How to Get Live Text OCR on Photos Right Now from iOS 15
One of the innovations in iOS 15, which Apple unveiled at the developer conference on June 7, was the Live Text feature. Its purpose is to read the text in photographs taken with a camera. This can be a snapshot of a board, document, receipt, label, and much more. All you need is to click on the recognition button, and then select and copy the resulting text. The thing is definitely very cool and comfortable. But you don’t have to wait until iOS 15 is released to take advantage of it.
As you can probably imagine, the Live Text feature is not exclusive to Apple. Because applications and services that can recognize text in photos and copy it has been around for a very long time. So the choice will obviously be large, do not hesitate.
How to copy text from a photo
Most of these applications, as a rule, are either independent solutions that can no longer do anything or, on the contrary, can do too much, which frightens users. So it’s not very convenient to use them. Fortunately, Google Photos is a welcome exception to this rule.
Yes, yes, Google Photos also has text recognition on photos. Here’s how it works:
- Download the Google Photos app from the App Store ;
- Run it and upload a photo with text there;
- Click “Copy text from image”;
- Select the desired fragment and click “Copy”.
Typically, when you open a photo in the Google Photos interface, the application algorithms immediately determine that it contains the text. Therefore, the offer to copy it most often appears automatically. But, if this did not happen, click on the “Google Lens” button (second from the right).
Thus, you can recognize not only printed text on paper but also on other media. For example, Google Photos’ algorithms do a great job with signs, pointers, banners, and even handwritten text. True, it is desirable that the text be written in block letters because the application has quite big problems with writing.
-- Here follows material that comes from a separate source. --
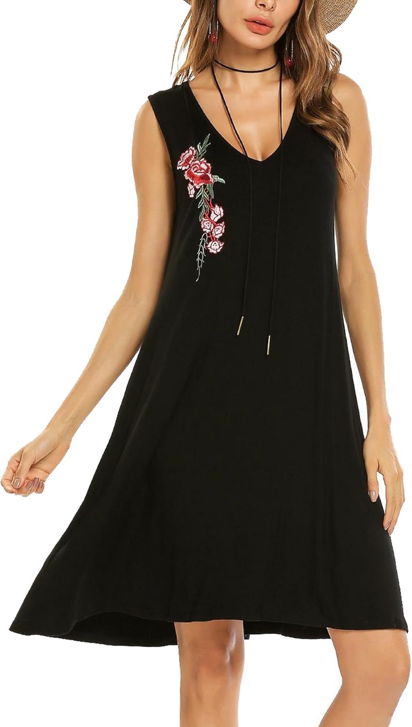 Women Floral Embroidered V Neck Tank Dress Summer Loose Casual

Recognizing text in photos
But Google Photos can not only recognize text but also offers many options for subsequent interaction with the result. For example, you can translate it into another language, search for information on it in Google, listen to it, and also transfer it to your computer when the synchronization function is enabled.
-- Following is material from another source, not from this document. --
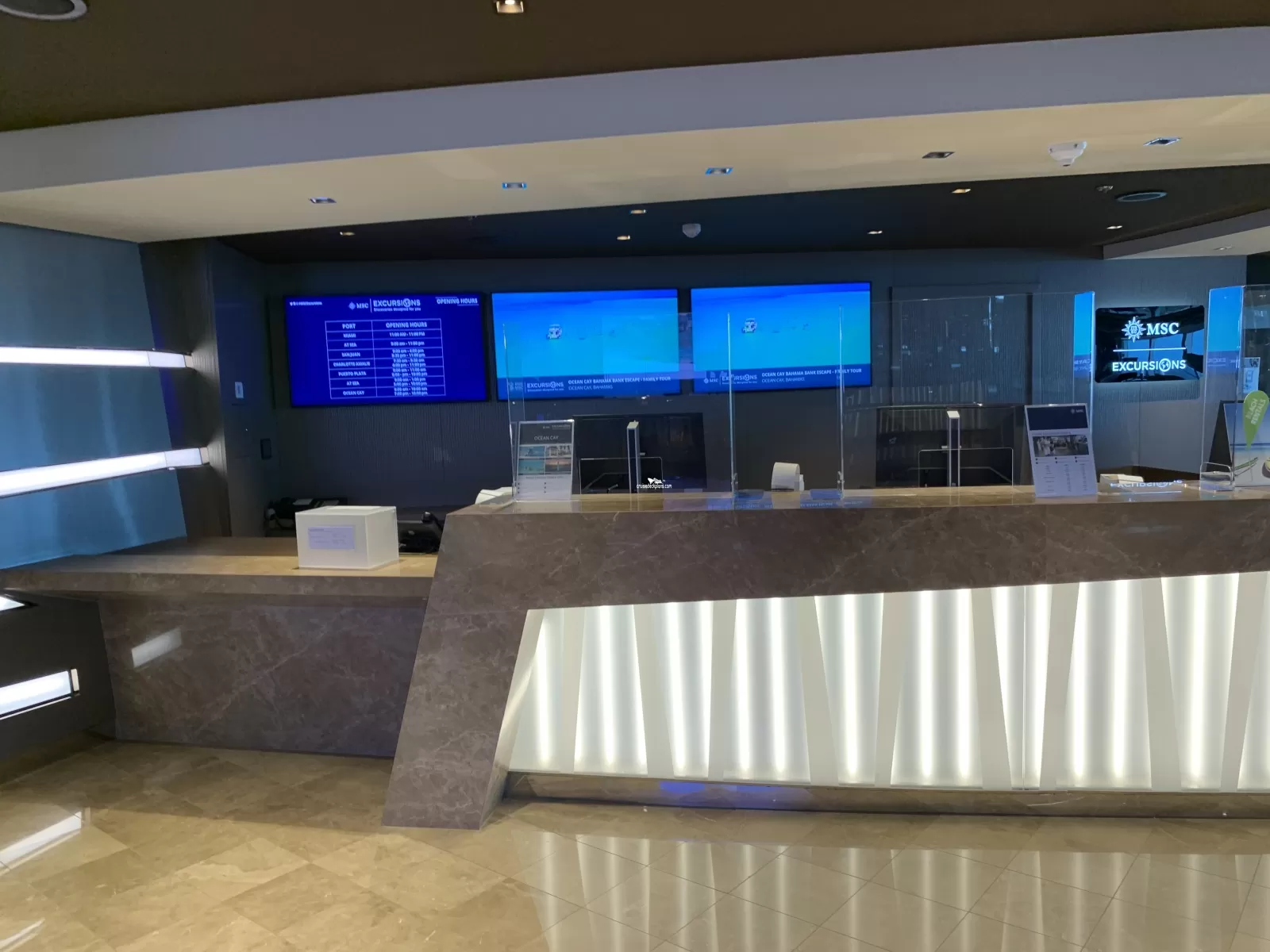 Desk for planning and booking MSC sponsored shore excursions.Le Cabaret Rouge

In fact, Google’s recognition algorithms work well enough that there are usually no mistakes. However, the recognition accuracy depends on the quality of the typing of the text, the lighting, and the angle at which the picture was taken. See how many mistakes the application makes on the example of cheese packaging and how accurately it recognizes everything on the Big Taste box.
Poor recognition quality in the case of a cheese label is due to bruising. Because of this, the entire text is not in the same plane, but is, as it were, divided into fragments, which, moreover, are quite noticeably displaced relative to each other. Algorithms have to work hard to recognize everything, and this provokes them to make mistakes. In the case of “Big Tasty”, the field for recognition is clearly better.